For this #02 approach I'm getting a warning,

UserWarning: Converting sparse IndexedSlices to a dense Tensor of unknown shape. This may consume a large amount of memory.
  "Converting sparse IndexedSlices to a dense Tensor of unknown shape. "

Questions

  1. Can you tell me how to implement this loss function without any warning? I'm not confident that #02 is the right implementation. I'm looking for an optimized solution. Any help or pointers is much appreciated.

  2. I tried to understand what's happening inside loss_function() using print statements but, they are printed once while I compile the model. Is there any way we can log this?

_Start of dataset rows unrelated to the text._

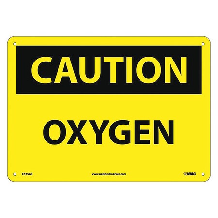NMC C575AB OSHA Sign, Legend "CAUTION - OXYGEN", 14" Length x 10" Height, Aluminum, Black on Yellow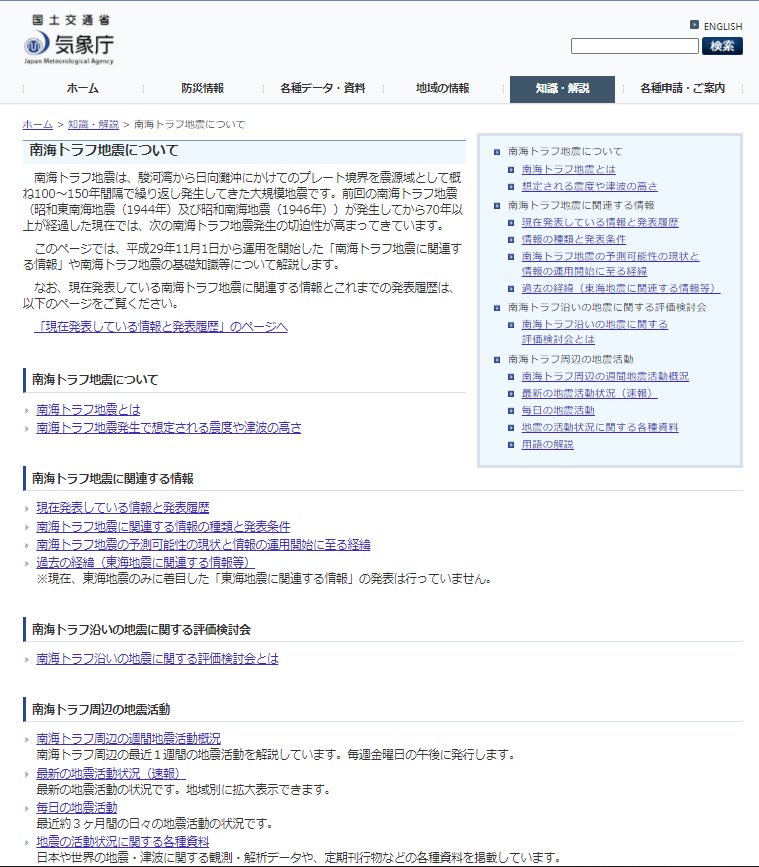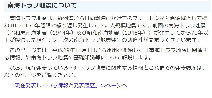 日本国土交通省早就对这件事产生了高度重视。点开气象厅网址,就能了解到有关南海地震的大量信息。在介绍南海地震的文章第一段就提到了‘震源区域每隔100-150年就会发生大规模地震,因此继上次1944、1946年发生之后过去70年的现在,再次发生南海地震的可能性极其高。’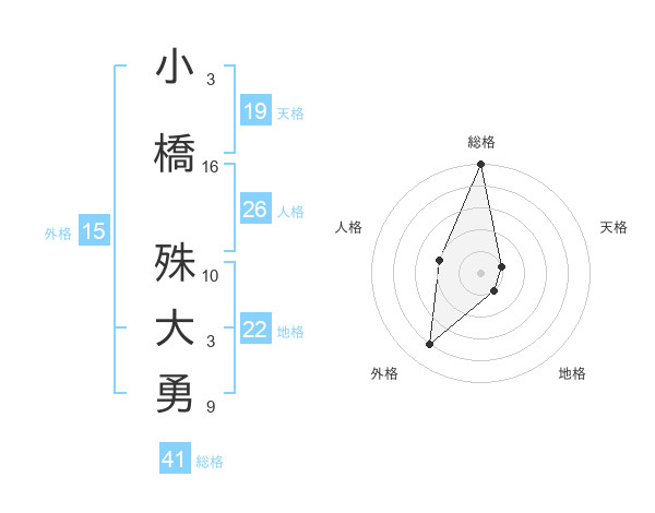 小橋 殊大勇さんを姓名の画数から五運を鑑定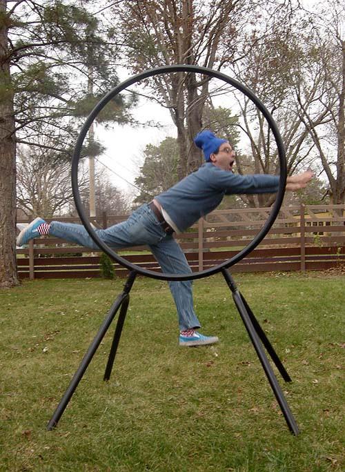 It's a gong stand that can make you feel so excited, that after you assemble it, you may feel like the pictured Mr. Mallethead, like one of the large cats that Siegfried and Roy used to train. ROAARRRRR! You may feel like jumping through it like it was a hoop because you want to please Siegfried, make Roy happy. But please make sure you don't have a gong hanging in it at the time...Or you will bang your head!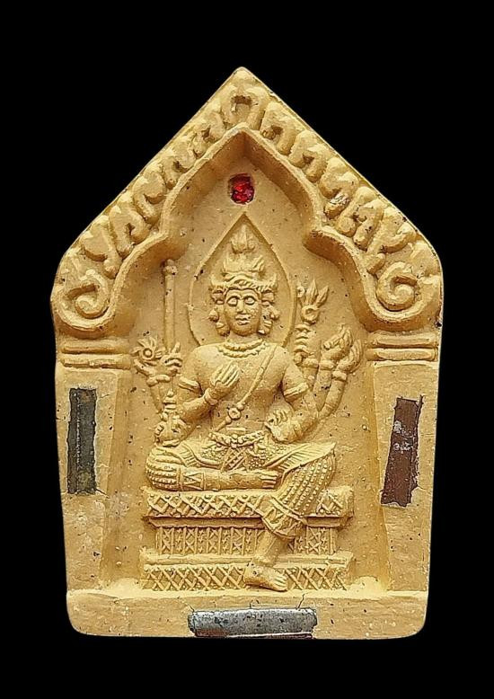พระพรหม เนื้อผงว่านเหลืองมหาเศรษฐี หลวงปู่หงษ์ พรหมปัญโญ ฝังตะกรุด 3 กษัตริย์ รุ่น โชคดีมีสุข" ปี47 |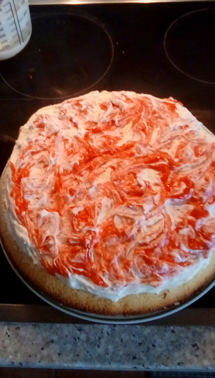 so dieses Rezept auf Youtube gefunden Italienischer Erdbeerkuchen. Unter der Sahne sind natürlich auch Erdbeeren versteckt, aber der rote Guß auf den Erdbeeren wird noch mit pürierten Erdbeeren vermischt. Bin gespannt wie der Morgen schmeckt.
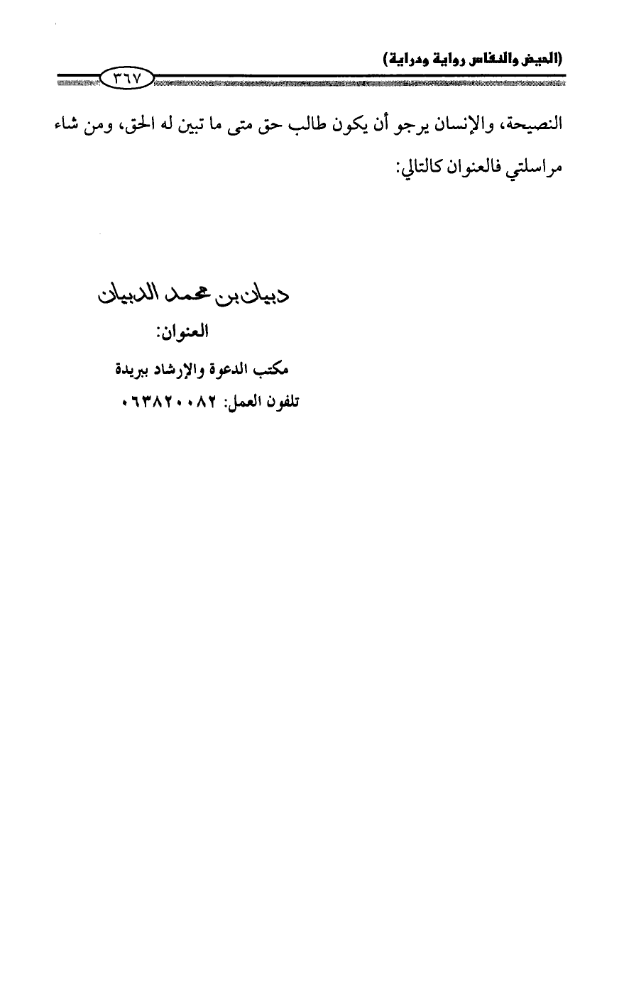 النصيحة، والإنسان يرجو أن يكون طالب حق متى ما تبين له الحق، ومن شاء مراسلتي فالعنوان كالتالي: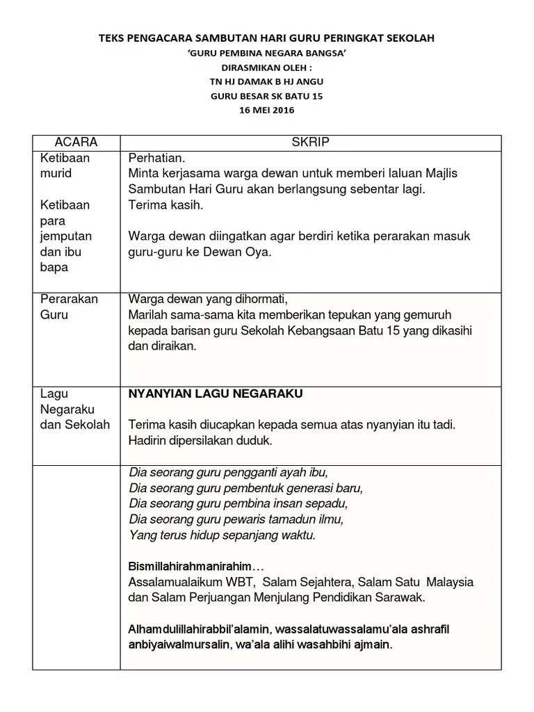 Contoh teks pembawa acara peringatan hari guru nasional pgri. Pada kesempatan baik ini, saya akan memberikan contoh master of ceremony (mc) atau pembawa acara dalam rangka peringatn hari guru di sekolah. (hari), (tanggal,bulan,dan tahun) in our big event: Admin kali ini akan membagikan teks pembawa acara(master of ceremony/mc) dalam bahasa inggris sebagai referensi kalian: Dimana, kita senantiasa dalam keadaan sehat wal afiat dan dapat hadir bersama disekolah yang kita cintai ini mengikuti acara qultum pada pagi hari ini.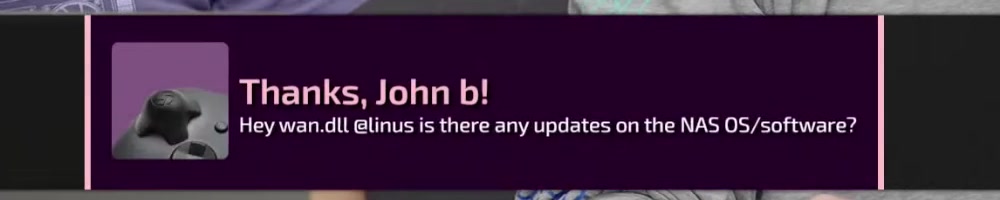 Hey wan.dll @linus is there any updates on the NAS OS/software? | Timestamp |  |

As mentioned by @dennis-ec, one can use tf.Print() for debugging.

Side note

I'm using Keras 2.1.4 with TensorFlow 1.4.0-rc1 and Python 3.5.2.


Solution

  • To me, it seems like the authors are using a vanilla binary cross-entropy loss for multi-label classification. They also name it as such, but their definition is a bit odd compared to how you would implement it in Keras.

    Basically, you could use binary_crossentropy as a loss function and supply the labels as arrays of shape (400, 200, 1) where a 0 denotes the first class and a 1 denotes the second class. The output of your network would then be of the same shape, with sigmoid activation functions at each output node. This is how semantic segmentation models are usually implemented in Keras. See this repo for an example:

    # final layer, sigmoid activations
    conv10 = Conv2D(1, 1, activation = 'sigmoid')(conv9)
    model = Model(input = inputs, output = conv10)
    # binary_crossentropy loss for multi-label classification
    model.compile(optimizer = Adam(lr = 1e-4), loss = 'binary_crossentropy', metrics = ['accuracy'])
    

    This should give exactly the same result as with the implementation defined in the paper (they did probably not use Keras).